### WHAT YOU ARE ASKED TO DO
Starting at the line with "- ⌚️【Large battery" and ending at the line with "Le présent rapport", print exactly the lines of the entries below. Pictures do not belong in the copy.

EXERCISE DATA START

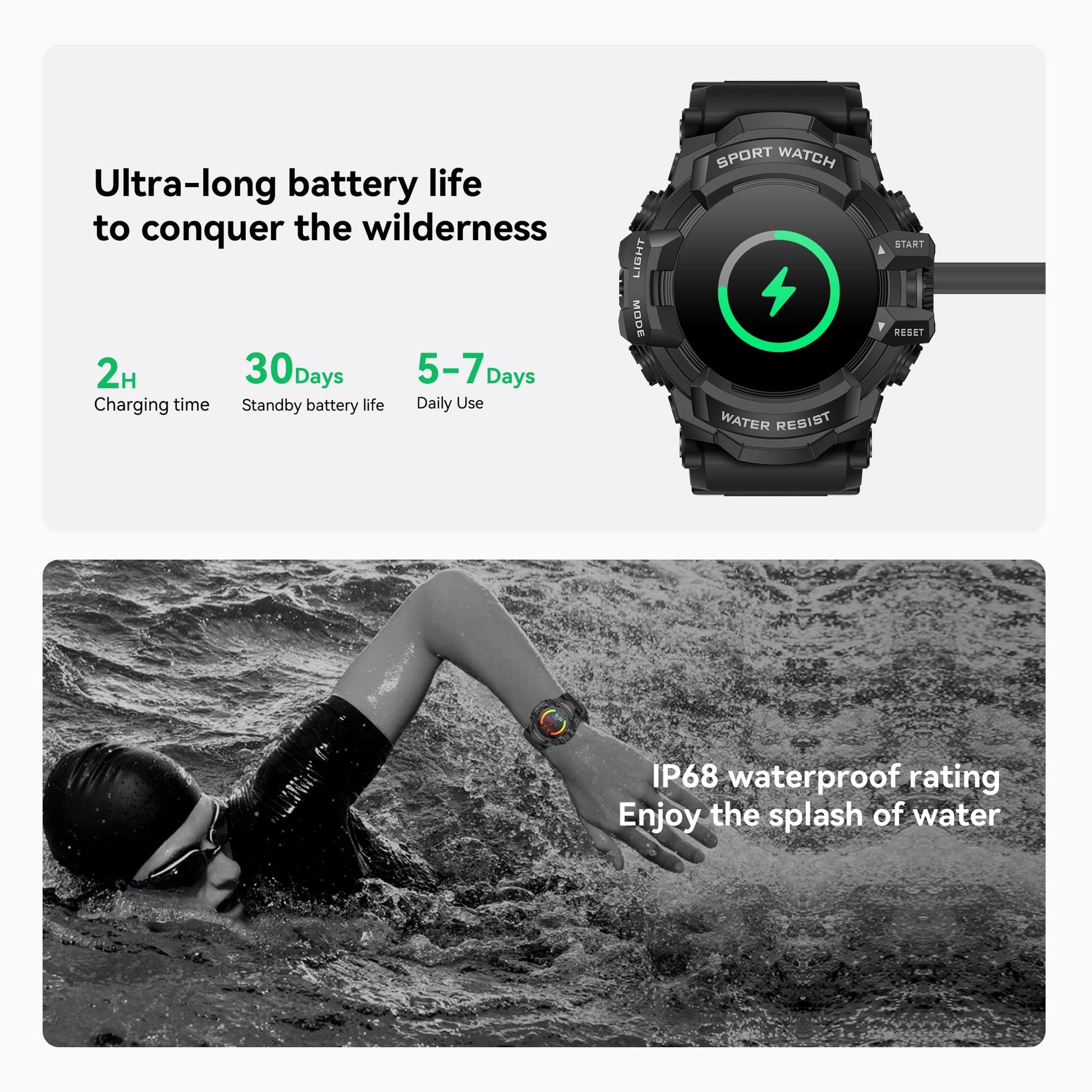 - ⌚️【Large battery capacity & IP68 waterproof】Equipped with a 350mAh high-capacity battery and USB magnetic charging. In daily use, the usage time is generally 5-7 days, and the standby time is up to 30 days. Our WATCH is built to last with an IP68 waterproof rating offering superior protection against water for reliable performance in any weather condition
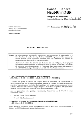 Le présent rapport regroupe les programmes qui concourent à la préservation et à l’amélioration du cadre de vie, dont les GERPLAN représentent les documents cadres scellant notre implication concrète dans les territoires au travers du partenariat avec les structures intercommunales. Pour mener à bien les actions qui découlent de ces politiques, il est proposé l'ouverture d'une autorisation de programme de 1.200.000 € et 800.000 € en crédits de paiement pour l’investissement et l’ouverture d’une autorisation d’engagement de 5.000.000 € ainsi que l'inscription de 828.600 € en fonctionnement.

EXERCISE DATA END
EXERCISE DATA START

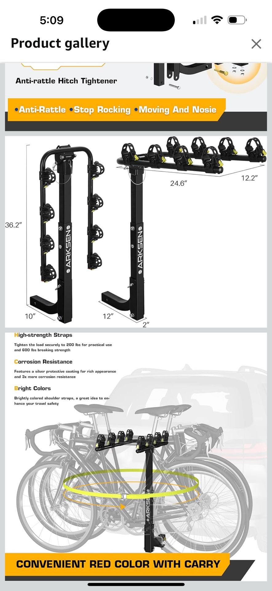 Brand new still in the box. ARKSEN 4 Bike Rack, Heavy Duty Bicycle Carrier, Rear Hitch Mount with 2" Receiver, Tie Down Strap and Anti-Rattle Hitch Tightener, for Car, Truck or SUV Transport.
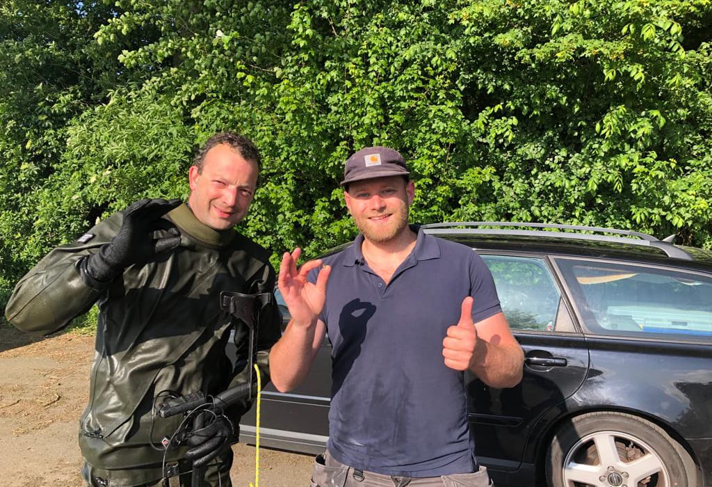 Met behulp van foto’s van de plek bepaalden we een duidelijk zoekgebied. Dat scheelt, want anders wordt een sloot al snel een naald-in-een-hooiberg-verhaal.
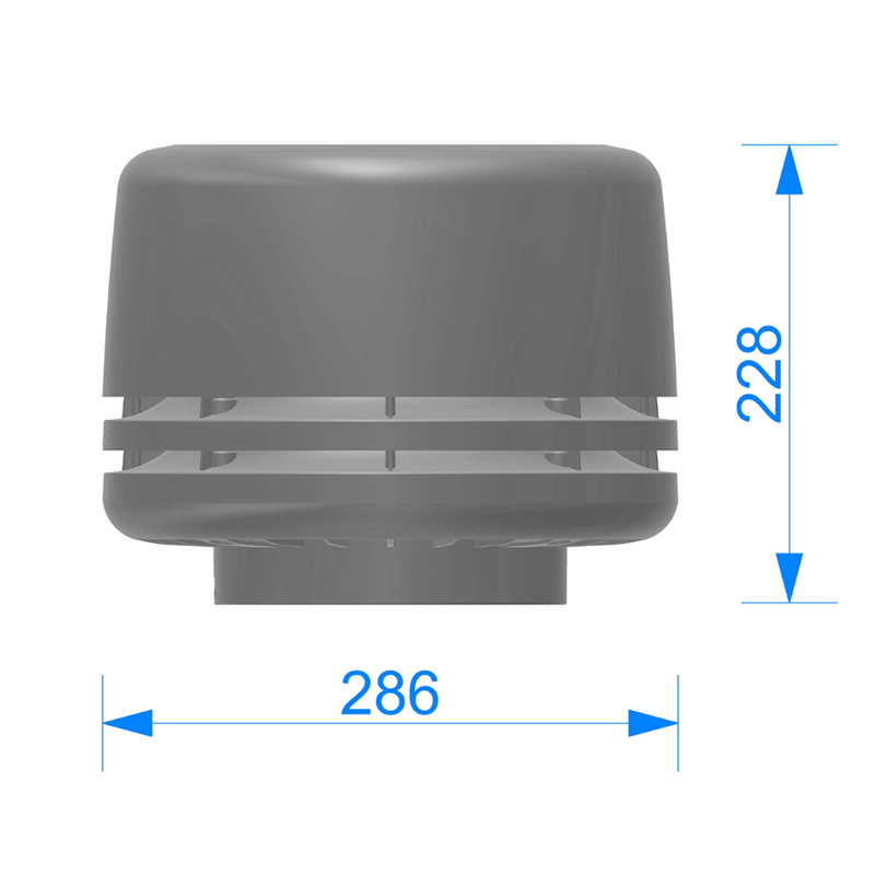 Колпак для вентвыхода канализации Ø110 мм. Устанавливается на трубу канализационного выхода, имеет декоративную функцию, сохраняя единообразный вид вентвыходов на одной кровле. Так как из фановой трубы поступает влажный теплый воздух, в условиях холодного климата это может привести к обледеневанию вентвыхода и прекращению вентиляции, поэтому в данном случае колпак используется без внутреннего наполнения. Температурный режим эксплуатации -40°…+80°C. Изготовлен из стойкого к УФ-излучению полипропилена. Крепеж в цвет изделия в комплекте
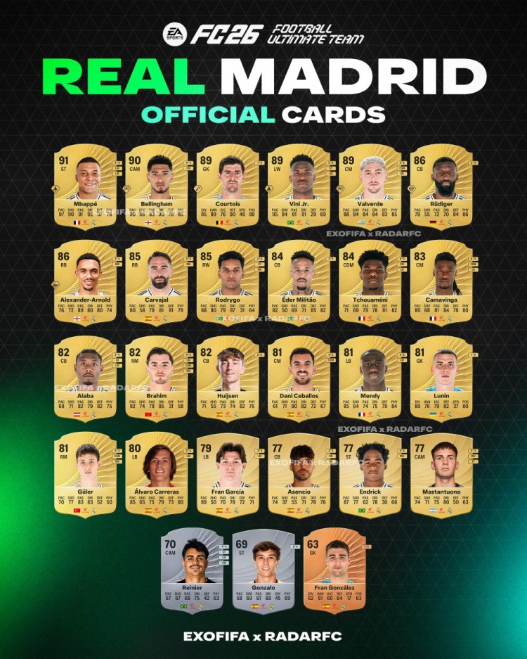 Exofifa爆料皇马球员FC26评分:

EXERCISE DATA END

### RESPONSE AREA
 - ⌚️【Large battery capacity & IP68 waterproof】Equipped with a 350mAh high-capacity battery and USB magnetic charging. In daily use, the usage time is generally 5-7 days, and the standby time is up to 30 days. Our WATCH is built to last with an IP68 waterproof rating offering superior protection against water for reliable performance in any weather condition
 Le présent rapport regroupe les programmes qui concourent à la préservation et à l’amélioration du cadre de vie, dont les GERPLAN représentent les documents cadres scellant notre implication concrète dans les territoires au travers du partenariat avec les structures intercommunales. Pour mener à bien les actions qui découlent de ces politiques, il est proposé l'ouverture d'une autorisation de programme de 1.200.000 € et 800.000 € en crédits de paiement pour l’investissement et l’ouverture d’une autorisation d’engagement de 5.000.000 € ainsi que l'inscription de 828.600 € en fonctionnement.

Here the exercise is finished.